I created a method to test whether the specified input is a double, int or String and then pass it to a 3rd party library which has the methods doFoo which accepts either a String, double or int. This is the method that I would like feedback on:

public static void testString(String val) { 
    System.out.print("Original '" + val + "'  ");
    String x = val.trim();
    try {
        int i = Integer.parseInt(x);
        System.out.println("It's an integer: " + i);
        doFoo(i);
    } catch (NumberFormatException e) {
        try {
            double d = Double.parseDouble(x);
            System.out.println("It's a double: " + d);
            doFoo(d);
        } catch (NumberFormatException e2) {
            System.out.println("It's a String: " + x);
            doFoo(x);
        }
    }
}

Is this good code? Could it be improved? I don't like the throwing and catching of Exceptions.

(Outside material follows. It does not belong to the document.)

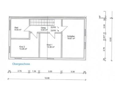 Das OG bietet neben dem geräumigen Schlafzimmer noch zwei weitere helle Räume, die als Kinderzimmer oder Büro genutzt werden können. In allen Räumen ist Telefon- sowie Antennenanschluss vorhanden.

Some test code to prove it works:

testString("N/A");
testString("19.");
testString("19.0");
testString("19.4");
testString("  1 ");
testString(" 1");
testString("1 ");
testString("1");
testString("    ");

Results in:

Original 'N/A'  It's a String: N/A
Original '19.'  It's a double: 19.0
Original '19.0'  It's a double: 19.0
Original '19.4'  It's a double: 19.4
Original '  1 '  It's an integer: 1
Original ' 1'  It's an integer: 1
Original '1 '  It's an integer: 1
Original '1'  It's an integer: 1
Original '    '  It's a String:

It's Java, so it's OK if it's verbose. You probably don't have a better choice. — kyrill, 21 hours ago
What is the use-case for this? What is it that doFoo is really doing? — Simon Forsberg♦, 21 hours ago
You do realize that if you redefine foo to have a different signature it the compiler will determine which doFoo to call? This is unlike a language like Python. — Dair, 21 hours ago
doFoo is actually part of Apache-Poi. It is setting an Excel cell value and there are 3 methods which are for double, String and int. — Phil, 17 hours ago

VinPro · Answer 1 · 2017-03-31 21:01:16Z

up vote 4 down vote

Is this good code?

Yes, except for using System.out.println statements for logging.

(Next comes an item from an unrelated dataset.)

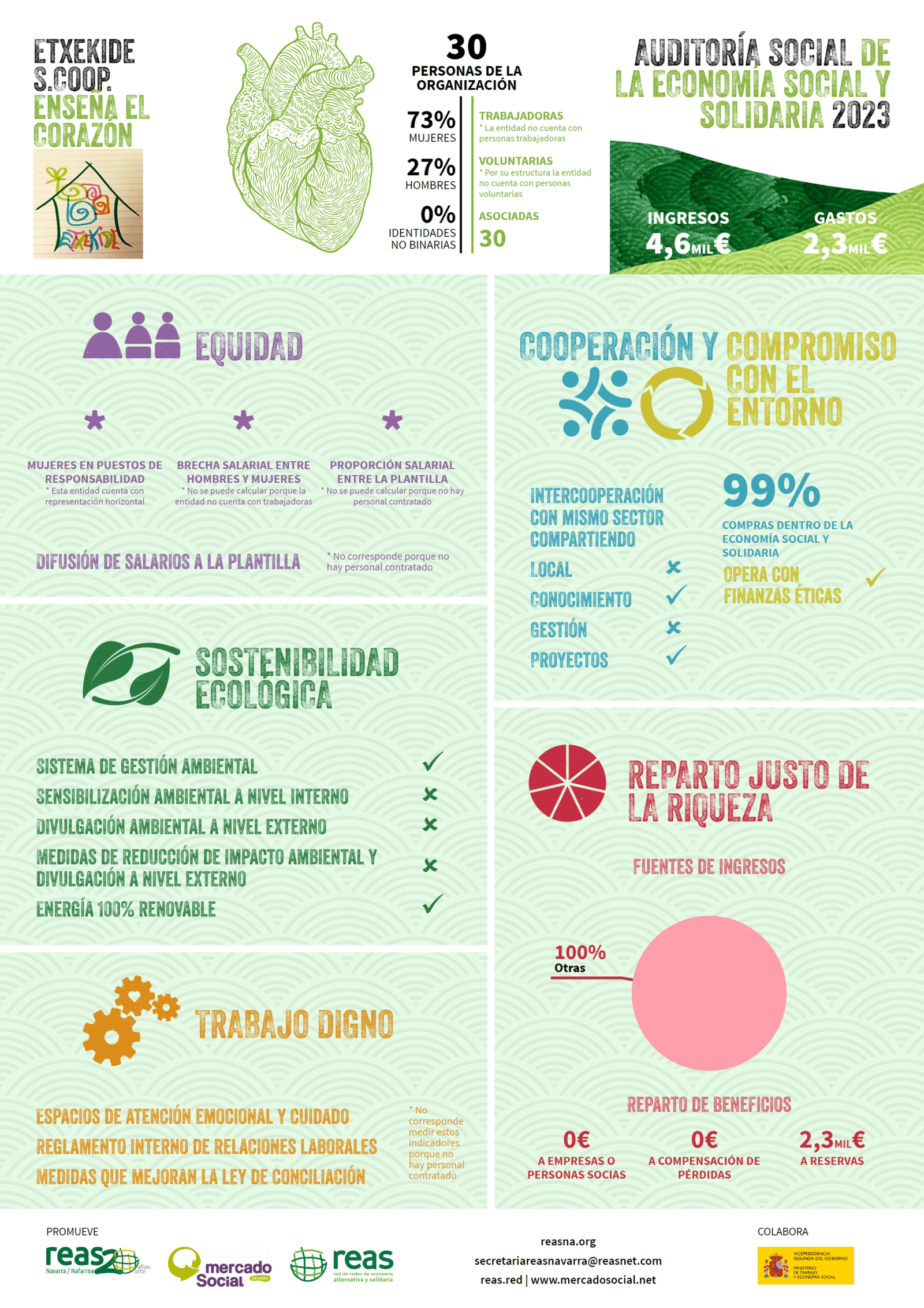 Cada año, desde la Cooperativa realizamos la Auditoría Social, una herramienta impulsada por REAS que nos permite evaluar de forma transparente nuestro compromiso con estos principios. Gracias a este proceso, renovamos anualmente nuestra acreditación y reafirmamos nuestra voluntad de seguir trabajando desde la coherencia, la ética y el compromiso con la comunidad.

Could it be improved? I don't like the throwing and catching of Exceptions.

There isn't much to improve other than logging and some design improvements @Justin suggested. Your code is better performance wise than using Scanner methods. The Scanner methods have some overhead trying to validate the input and ultimately calls respective parse methods. If you were to use above code in a high performance application than no further improvements needed.

answered 18 hours ago

VinPro

411

Gah! I knew I should not have left those System.outs in! I do this for my own debugging (I am very old school) and I felt that it helped in the example. Consider the System.outs irrelevant. I was concerned that the throwing and catching was expensive and that there would be some other way (Apache Commons?) that would provide me with the solution I required. – Phil 17 hours ago

Note that if your requirement is strict on not parsing Long numbers as Double you've to handle that case and not parse it as Double as you've done. – VinPro 14 hours ago

add a comment |

Justin · Answer 2 · 2017-03-31 23:45:22Z

I don't like the throwing and catching of Exceptions

This can be made much cleaner with the use of a Scanner. It might not be the most performant way, but it's fast and easy to use.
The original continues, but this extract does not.